RECORDS FOR THE TASK:
────

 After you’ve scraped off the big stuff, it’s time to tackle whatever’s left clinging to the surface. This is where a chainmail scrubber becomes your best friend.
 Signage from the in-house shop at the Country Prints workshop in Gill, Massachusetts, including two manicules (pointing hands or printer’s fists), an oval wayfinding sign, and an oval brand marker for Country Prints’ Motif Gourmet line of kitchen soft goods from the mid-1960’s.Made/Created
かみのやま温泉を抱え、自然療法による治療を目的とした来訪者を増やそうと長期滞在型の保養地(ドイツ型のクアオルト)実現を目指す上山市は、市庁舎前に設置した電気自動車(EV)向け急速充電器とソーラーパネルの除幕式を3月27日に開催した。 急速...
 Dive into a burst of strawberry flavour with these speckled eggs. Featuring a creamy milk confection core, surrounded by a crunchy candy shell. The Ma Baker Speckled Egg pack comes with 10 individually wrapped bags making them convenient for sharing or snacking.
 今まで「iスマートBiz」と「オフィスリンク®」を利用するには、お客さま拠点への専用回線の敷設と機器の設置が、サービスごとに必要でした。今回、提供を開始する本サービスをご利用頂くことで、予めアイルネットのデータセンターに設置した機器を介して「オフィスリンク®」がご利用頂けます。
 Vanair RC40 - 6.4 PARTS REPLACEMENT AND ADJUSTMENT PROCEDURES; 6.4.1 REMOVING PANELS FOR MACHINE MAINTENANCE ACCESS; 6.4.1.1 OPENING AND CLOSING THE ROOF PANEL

────

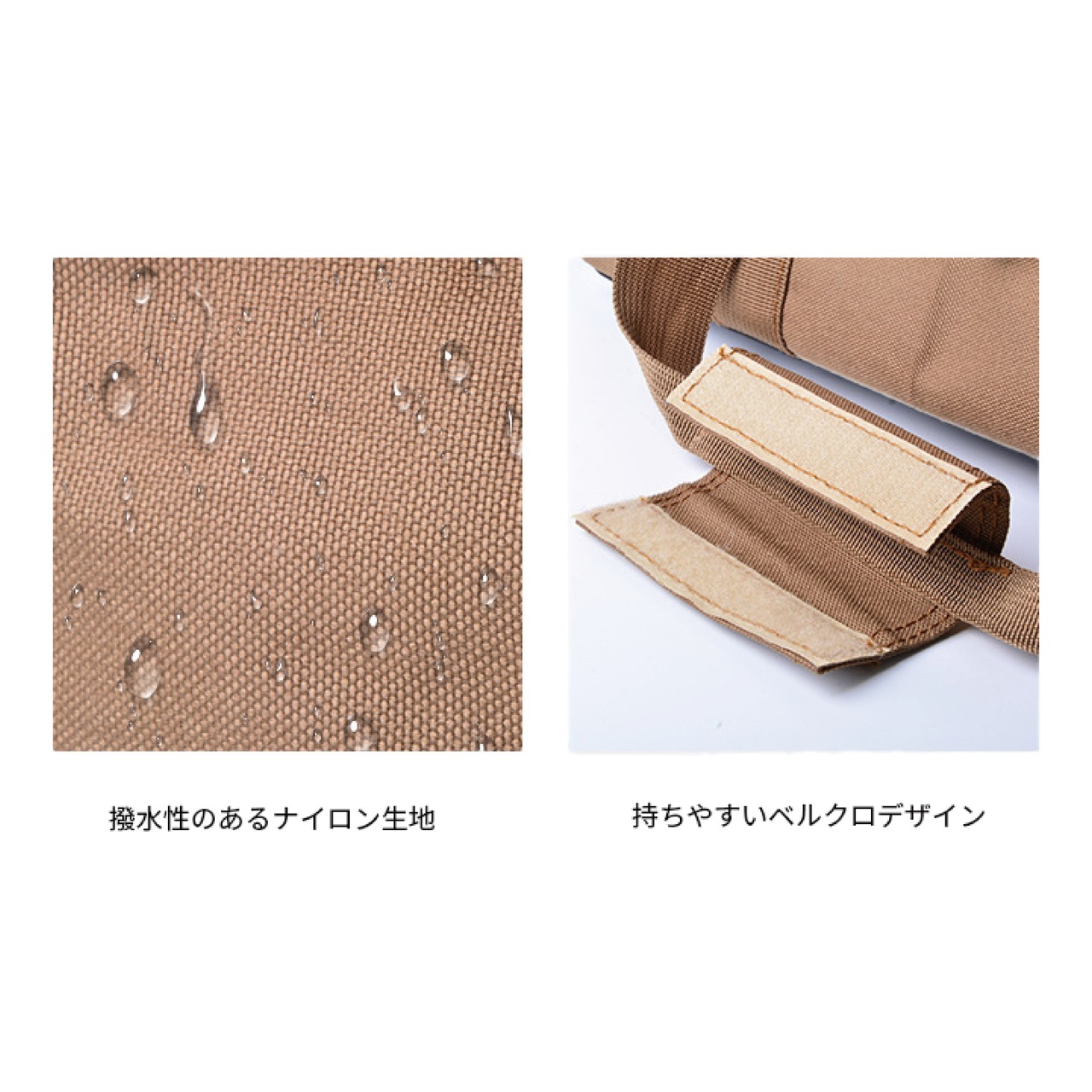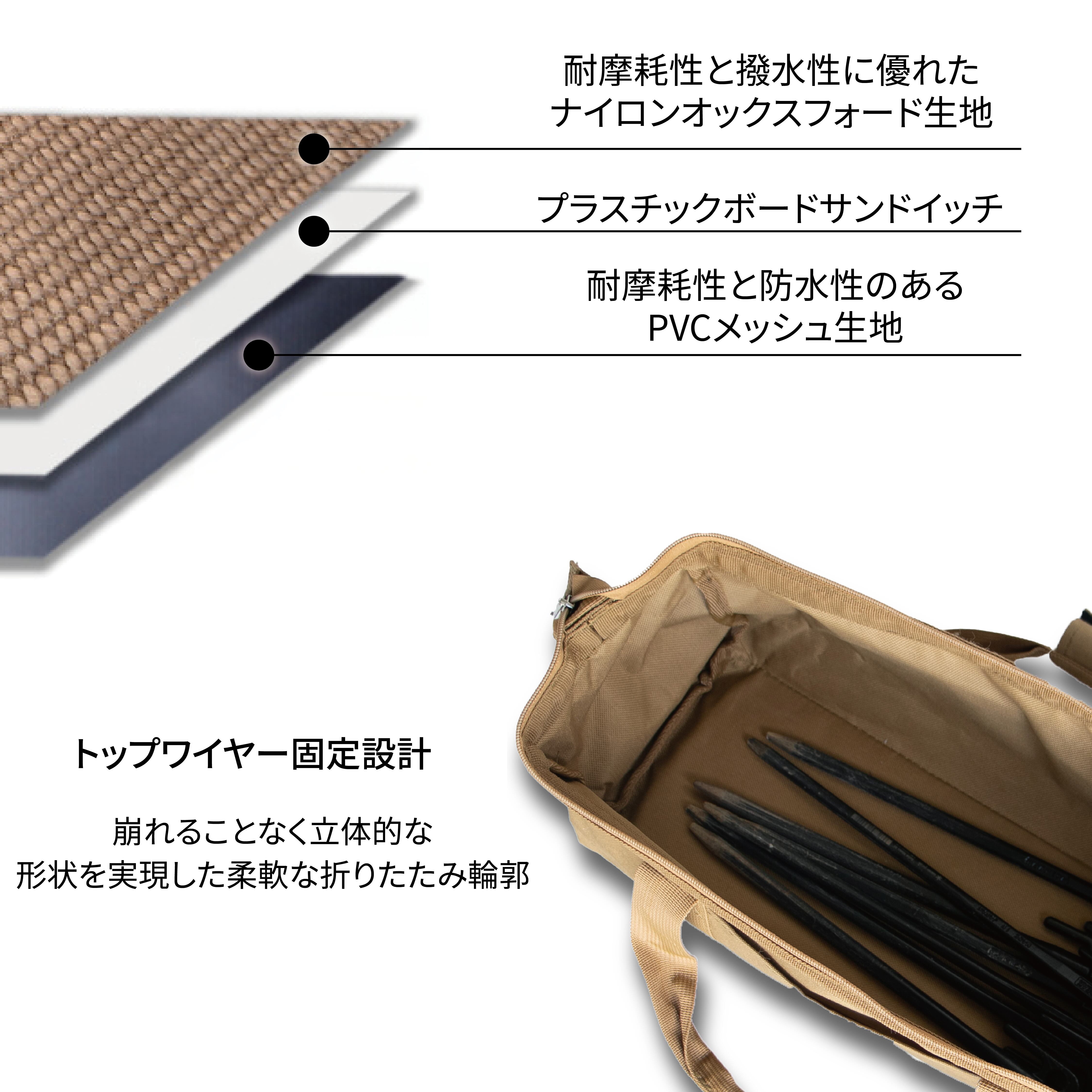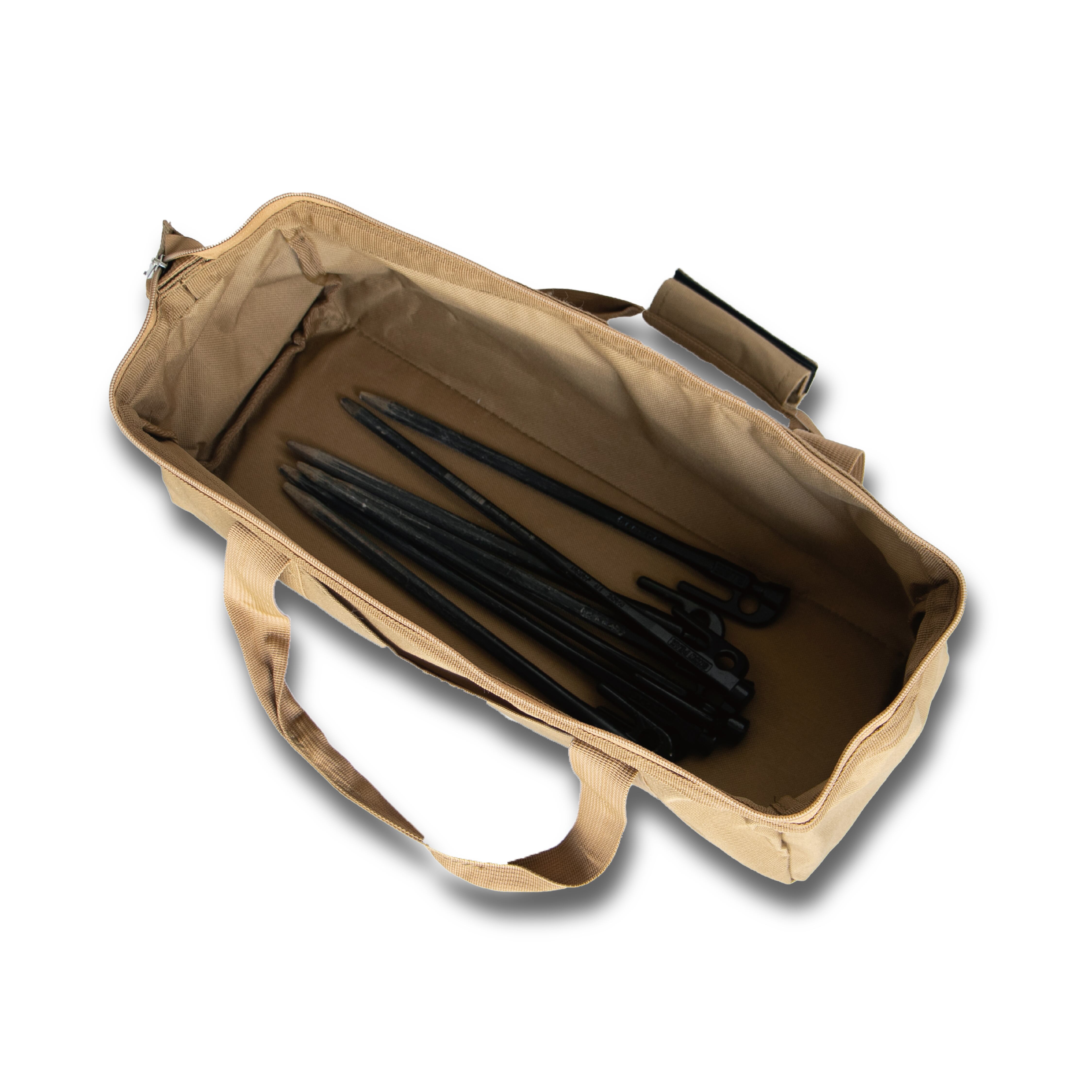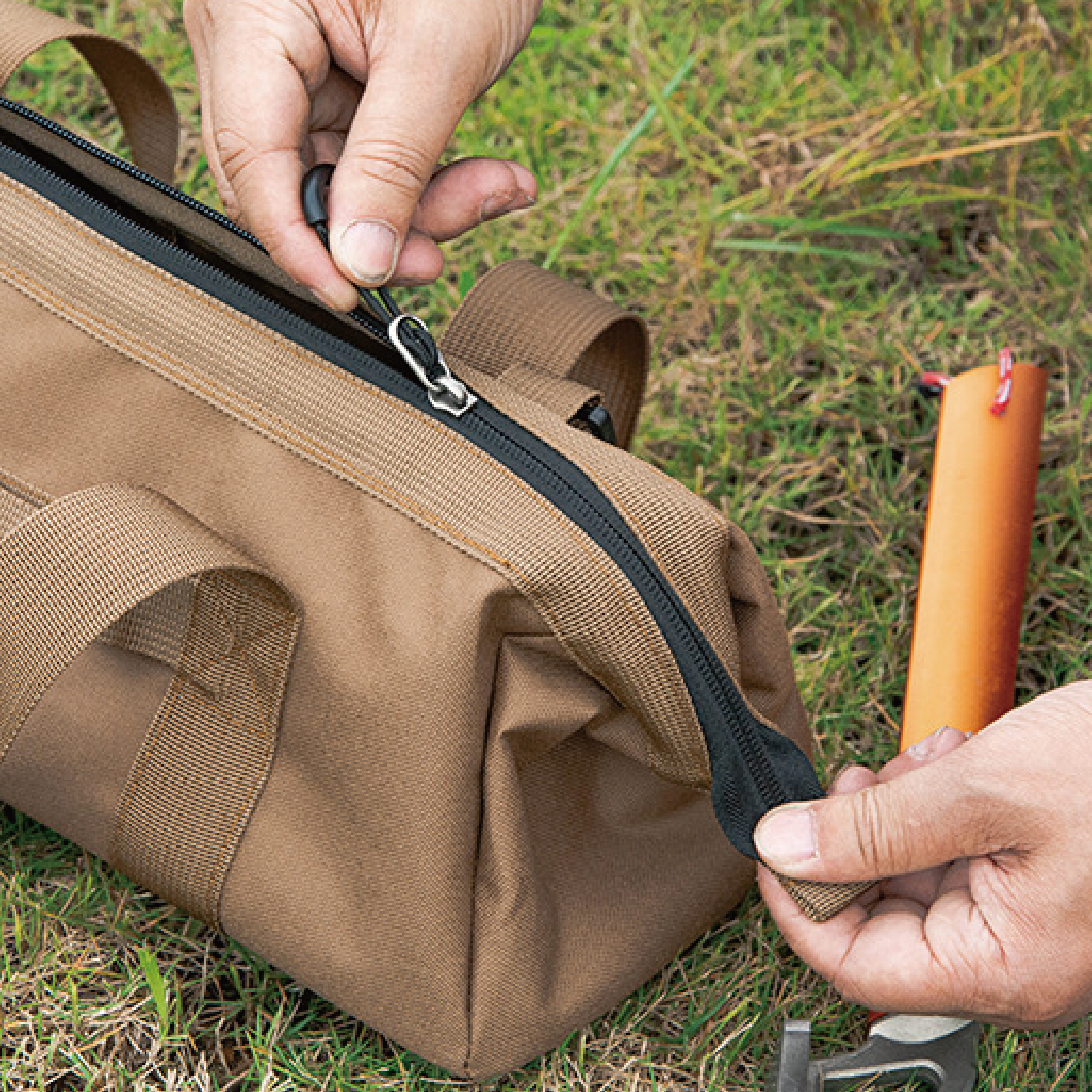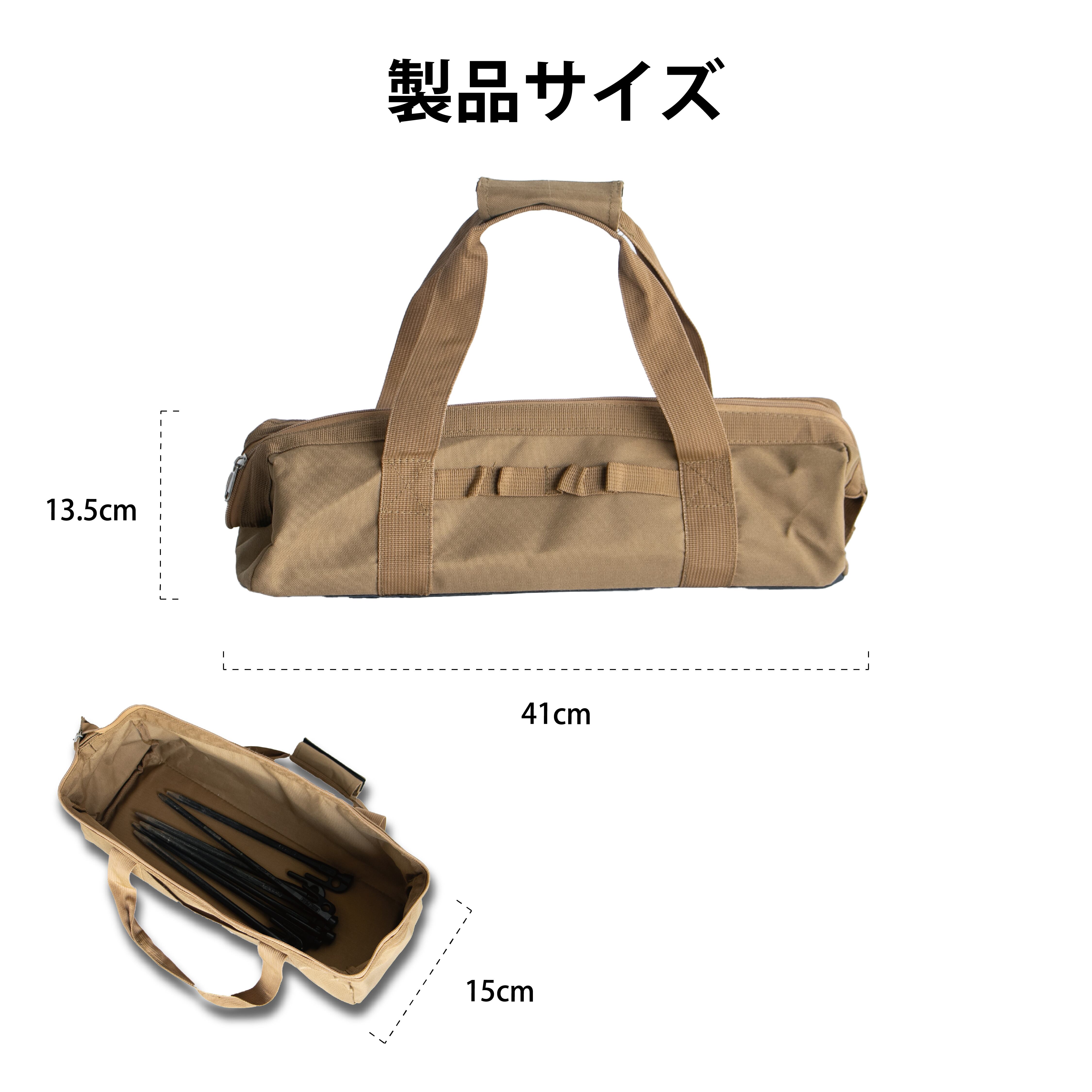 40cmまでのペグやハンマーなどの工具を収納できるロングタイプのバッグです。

────

TRY IT: As listed above, the lines from the line with "After you’ve scraped" to the line with "Vanair RC40 - 6.4" are to be echoed exactly, with both ends included and nothing added.

REPLY:
 After you’ve scraped off the big stuff, it’s time to tackle whatever’s left clinging to the surface. This is where a chainmail scrubber becomes your best friend.
 Signage from the in-house shop at the Country Prints workshop in Gill, Massachusetts, including two manicules (pointing hands or printer’s fists), an oval wayfinding sign, and an oval brand marker for Country Prints’ Motif Gourmet line of kitchen soft goods from the mid-1960’s.Made/Created
かみのやま温泉を抱え、自然療法による治療を目的とした来訪者を増やそうと長期滞在型の保養地(ドイツ型のクアオルト)実現を目指す上山市は、市庁舎前に設置した電気自動車(EV)向け急速充電器とソーラーパネルの除幕式を3月27日に開催した。 急速...
 Dive into a burst of strawberry flavour with these speckled eggs. Featuring a creamy milk confection core, surrounded by a crunchy candy shell. The Ma Baker Speckled Egg pack comes with 10 individually wrapped bags making them convenient for sharing or snacking.
 今まで「iスマートBiz」と「オフィスリンク®」を利用するには、お客さま拠点への専用回線の敷設と機器の設置が、サービスごとに必要でした。今回、提供を開始する本サービスをご利用頂くことで、予めアイルネットのデータセンターに設置した機器を介して「オフィスリンク®」がご利用頂けます。
 Vanair RC40 - 6.4 PARTS REPLACEMENT AND ADJUSTMENT PROCEDURES; 6.4.1 REMOVING PANELS FOR MACHINE MAINTENANCE ACCESS; 6.4.1.1 OPENING AND CLOSING THE ROOF PANEL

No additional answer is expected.